## Exercise directions
Transcribe word for word each line from the one containing "后背纹身男 男生后背上黑色的圆形纹身图片" to the final line of the data, both included. Skip the pictures.

## Stored data entries
== Segment start ==
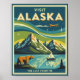 Great quality, mid-century, Alaska travel poster complete with bear, mountains and lakes along with the caption "Visit Alaska The Last Frontier."
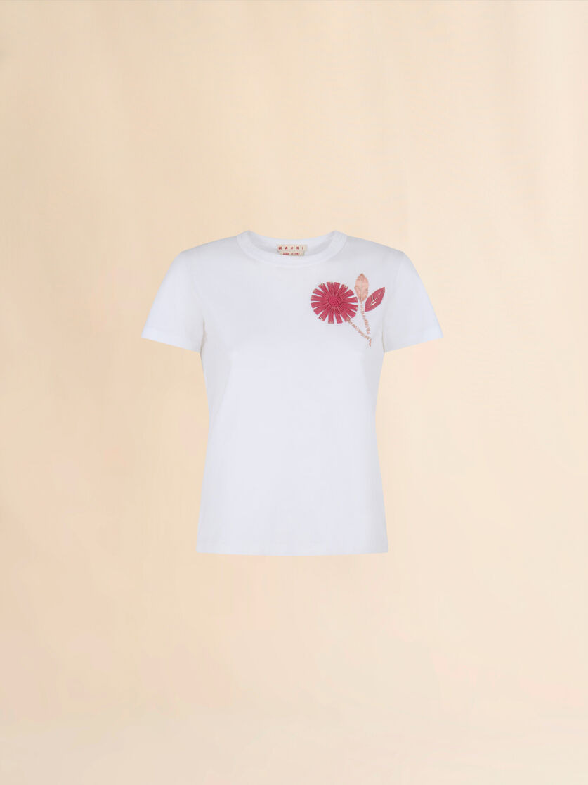 WHITE ORGANIC COTTON T-SHIRT WITH EMBROIDERED CAMELLIA
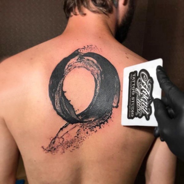 后背纹身男 男生后背上黑色的圆形纹身图片
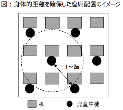 上の図は学校再開に向けて、身体的距離の確保した座席配置となります。5月28日~6月12日、全校を2つのグループに分けて学校が再開さるため、各学級20名程度の登校になります。
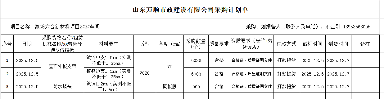 | 屋面外板支架 | 镀锌中支1.5mm(实测不低于1.35mm),V820,高度75mm | 个 | 6036.0 | 是 | 2025-12-07 07:00:00 | |
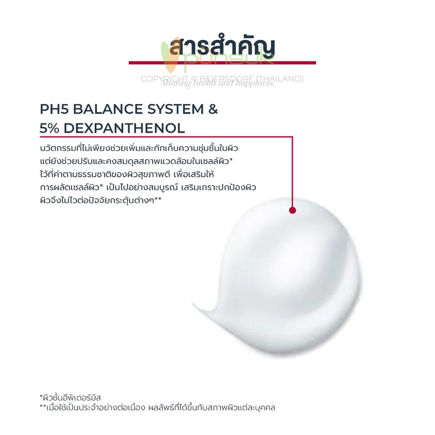 เซรั่มบำรุงผิวกายเนื้อบางเบาแตกตัวเป็นน้ำ ซึมซาบไวทันทีที่ทา ช่วยเติมความชุ่มชื้นและคงสมดุล pH5 ตามธรรมชาติของผิวสุขภาพดี เสริมเกราะปกป้องผิวให้แข็งแรง ไม่ไวต่อปัจจัยกระตุ้นและมลภาวะ สูตรอ่อนโยนพิเศษสำหรับผิวบอบบางแพ้ง่าย รวมถึงผู้ที่มีแนวโน้มเป็นภูมิแพ้
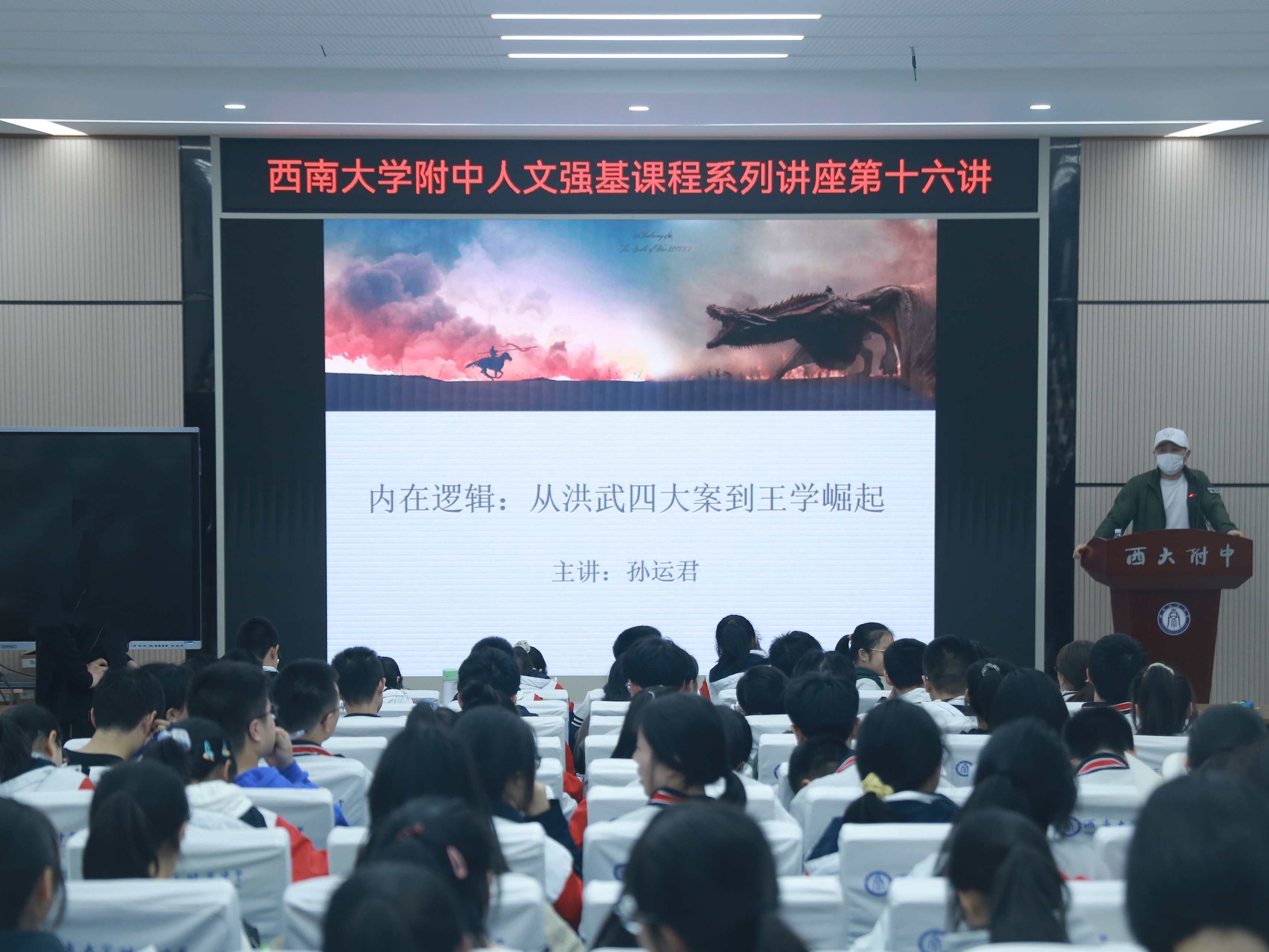 10月15日晚上7点,“西南大学附中人文强基课程系列讲座”新学期第16讲在西南大学附中万象楼阶梯教室准时开始,本次讲座的嘉宾老师为西南大学历史文化学院孙运君副教授,西南大学附中马彬琼老师担任讲座主持人。
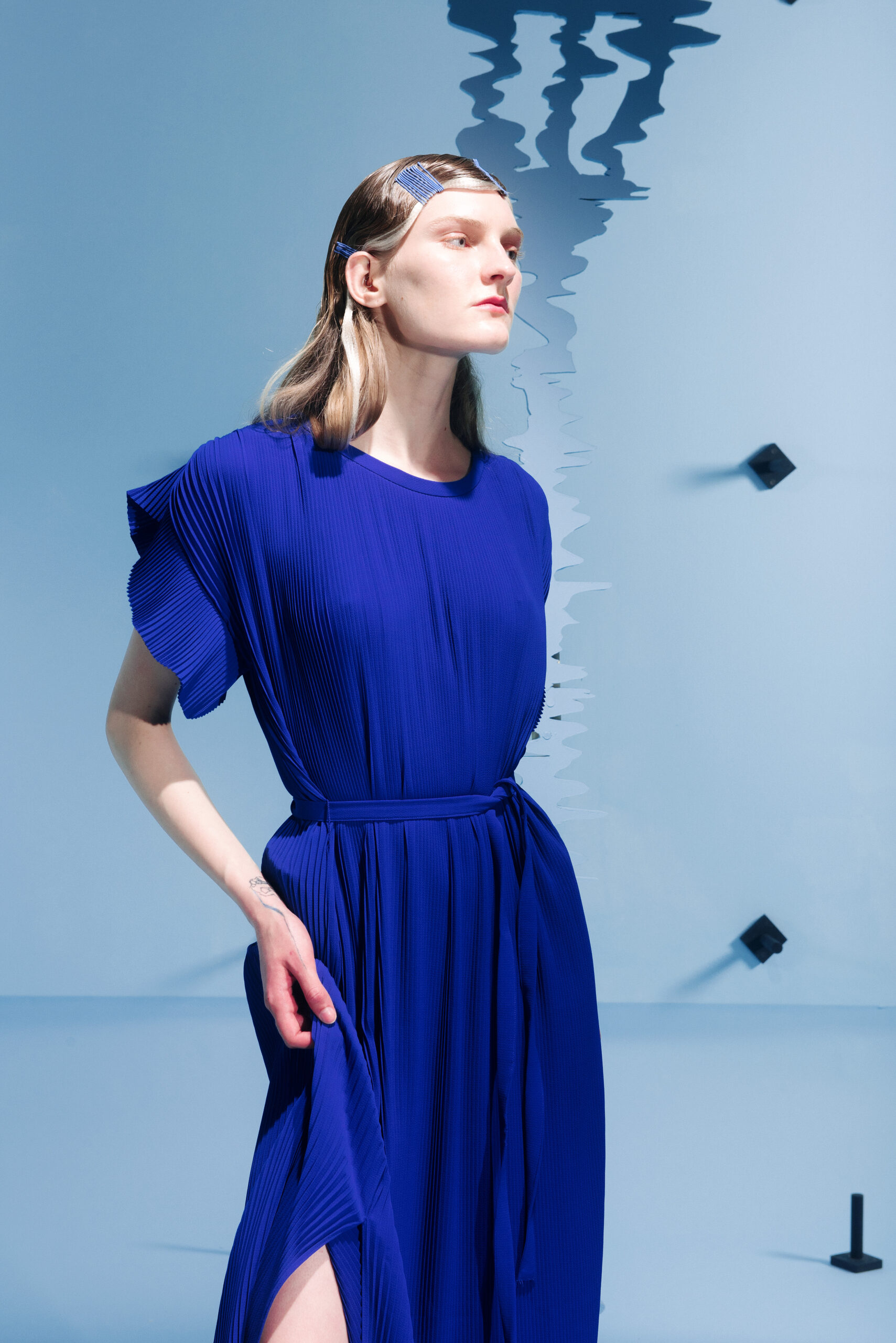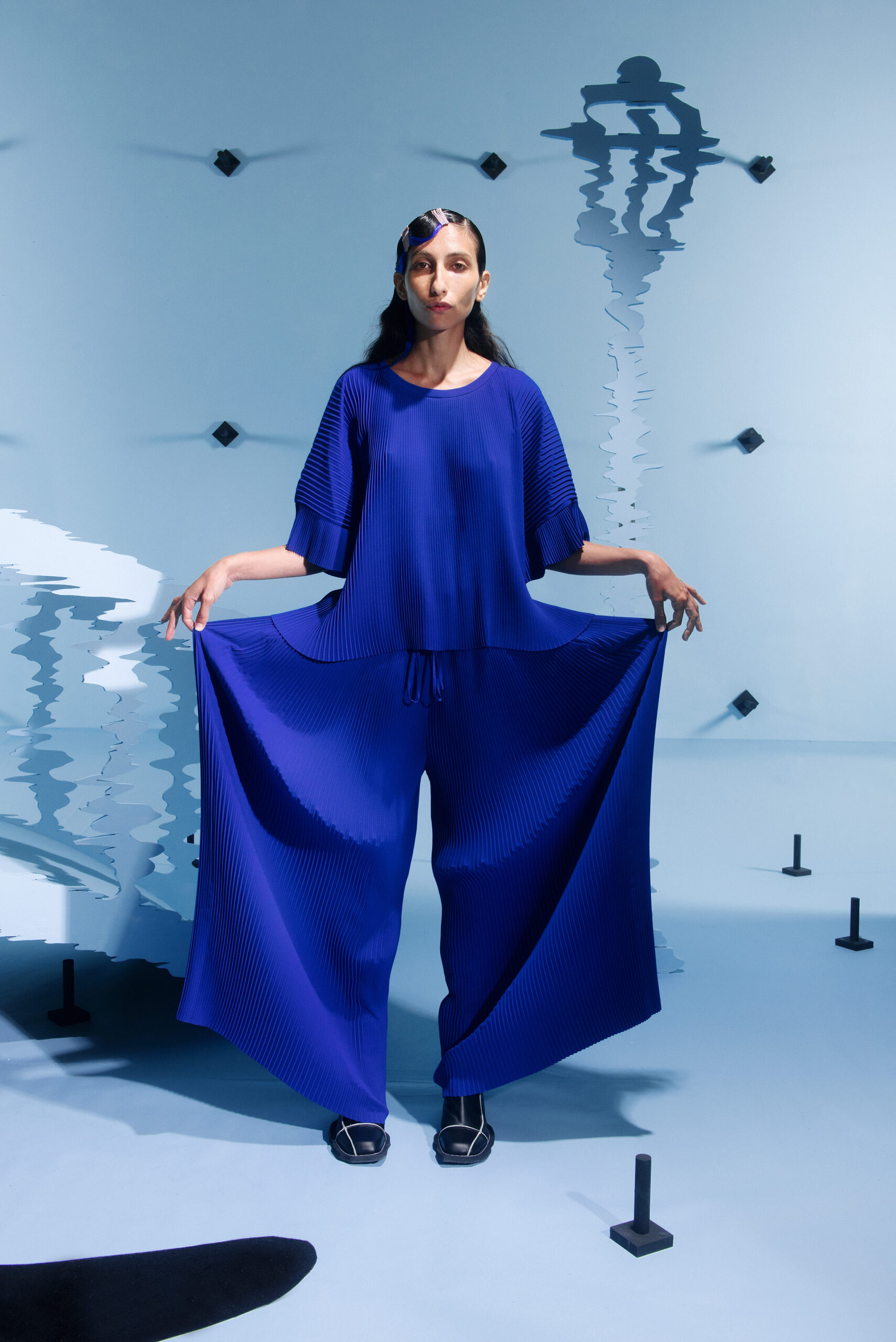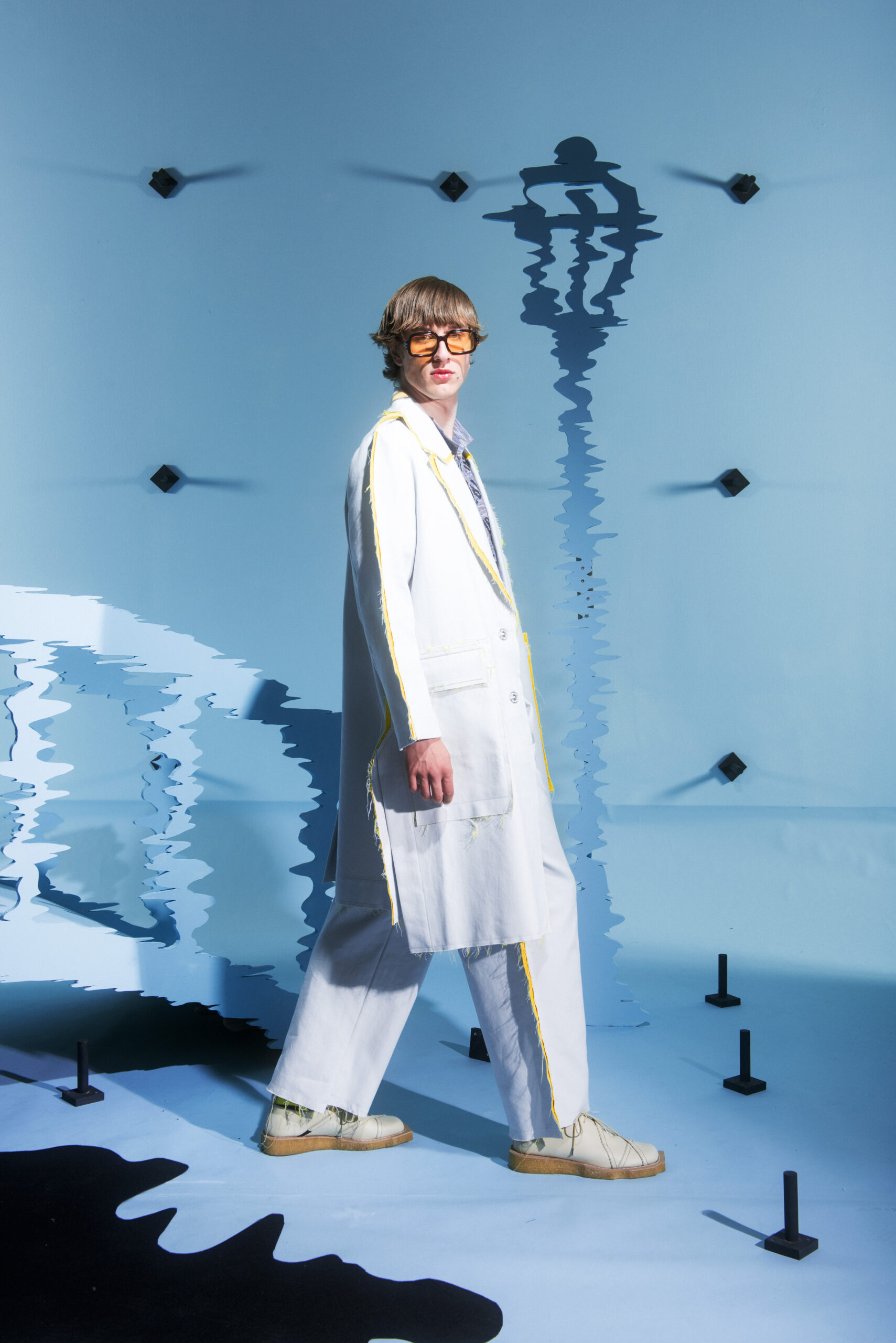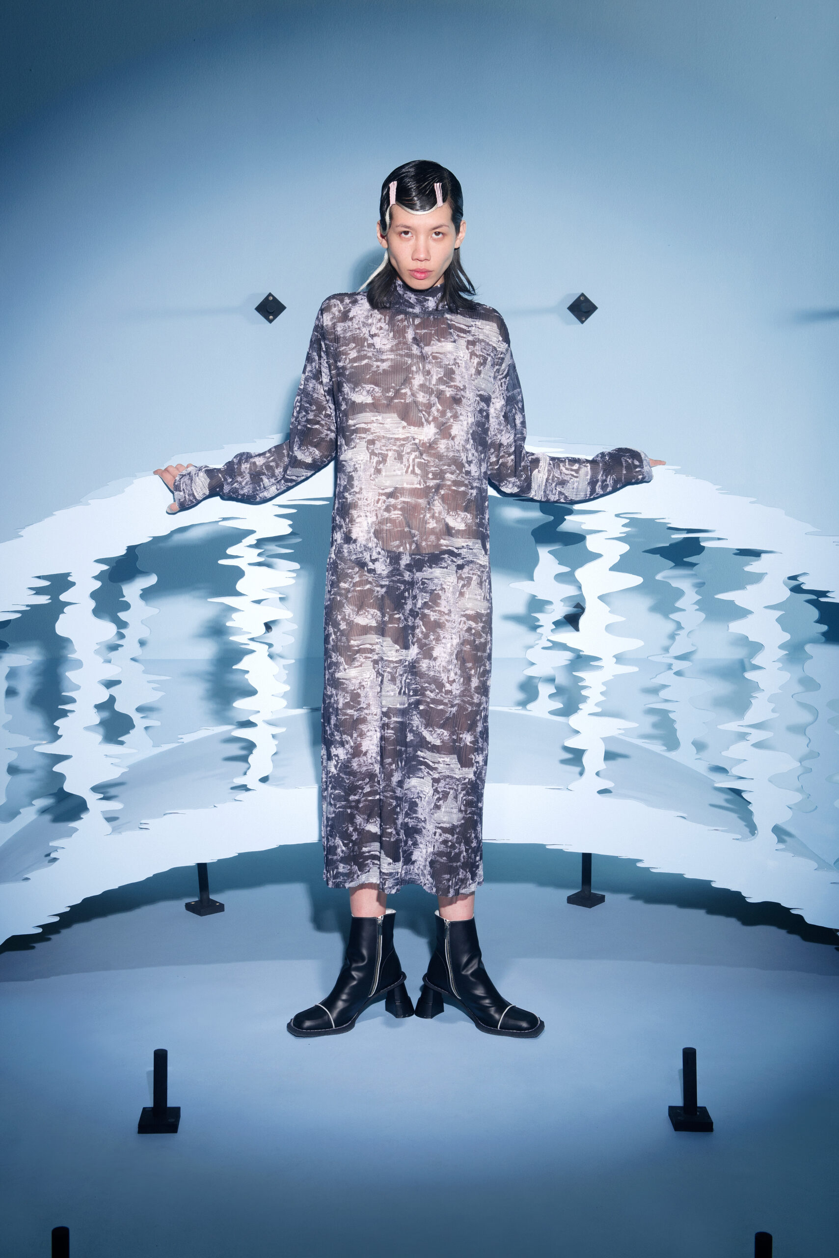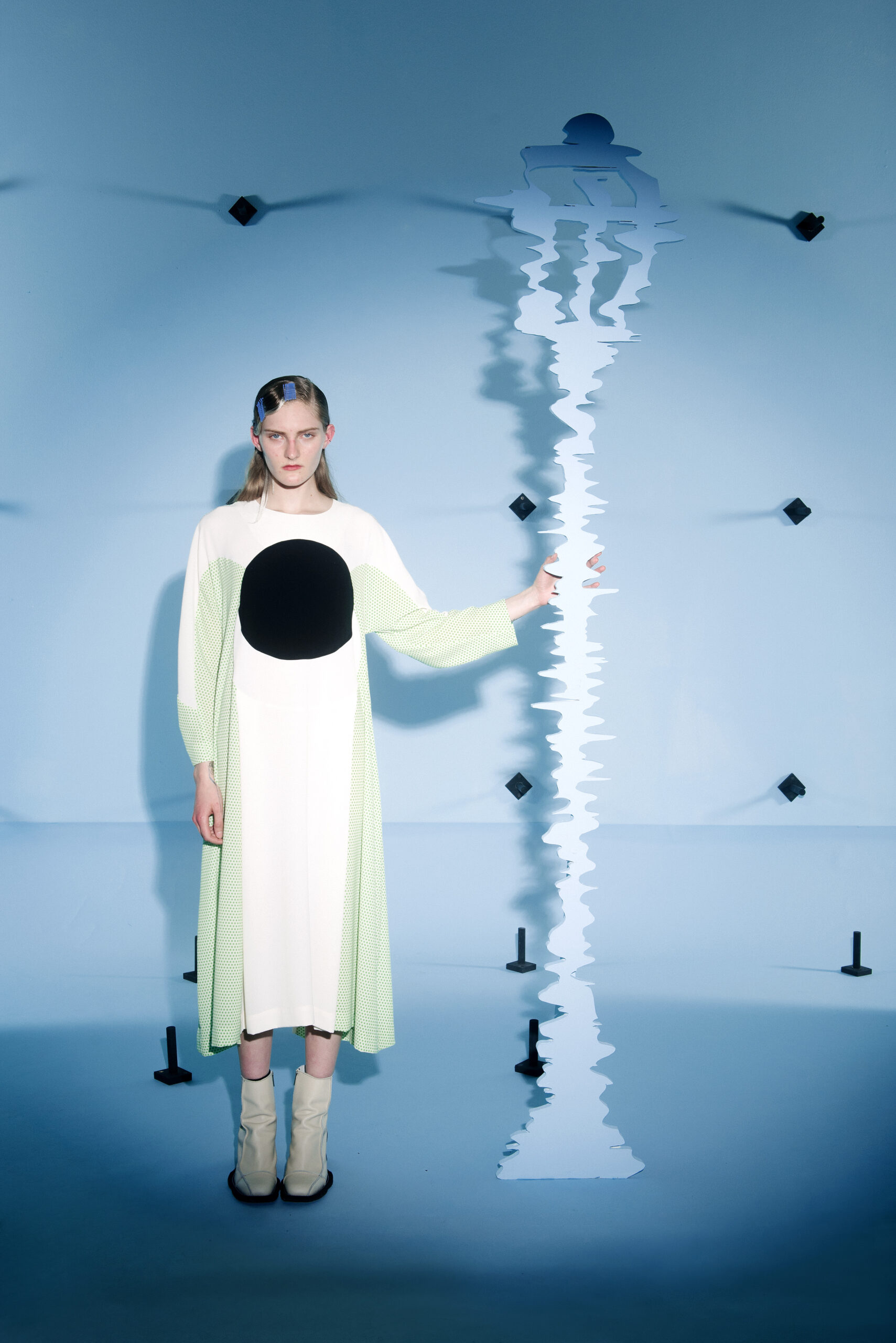The silhouettes are inspired by the shapes and characteristics of bridges, where the body meets the construction when it arches and wraps itself around the human form. An homage to the hands that build – the collection reflects traces from the construction world in various elements, from silhouettes to details in the garments.
== Segment end ==
## Answer to this task
 后背纹身男 男生后背上黑色的圆形纹身图片
 上の図は学校再開に向けて、身体的距離の確保した座席配置となります。5月28日~6月12日、全校を2つのグループに分けて学校が再開さるため、各学級20名程度の登校になります。
 | 屋面外板支架 | 镀锌中支1.5mm(实测不低于1.35mm),V820,高度75mm | 个 | 6036.0 | 是 | 2025-12-07 07:00:00 | |
 เซรั่มบำรุงผิวกายเนื้อบางเบาแตกตัวเป็นน้ำ ซึมซาบไวทันทีที่ทา ช่วยเติมความชุ่มชื้นและคงสมดุล pH5 ตามธรรมชาติของผิวสุขภาพดี เสริมเกราะปกป้องผิวให้แข็งแรง ไม่ไวต่อปัจจัยกระตุ้นและมลภาวะ สูตรอ่อนโยนพิเศษสำหรับผิวบอบบางแพ้ง่าย รวมถึงผู้ที่มีแนวโน้มเป็นภูมิแพ้
 10月15日晚上7点,“西南大学附中人文强基课程系列讲座”新学期第16讲在西南大学附中万象楼阶梯教室准时开始,本次讲座的嘉宾老师为西南大学历史文化学院孙运君副教授,西南大学附中马彬琼老师担任讲座主持人。
The silhouettes are inspired by the shapes and characteristics of bridges, where the body meets the construction when it arches and wraps itself around the human form. An homage to the hands that build – the collection reflects traces from the construction world in various elements, from silhouettes to details in the garments.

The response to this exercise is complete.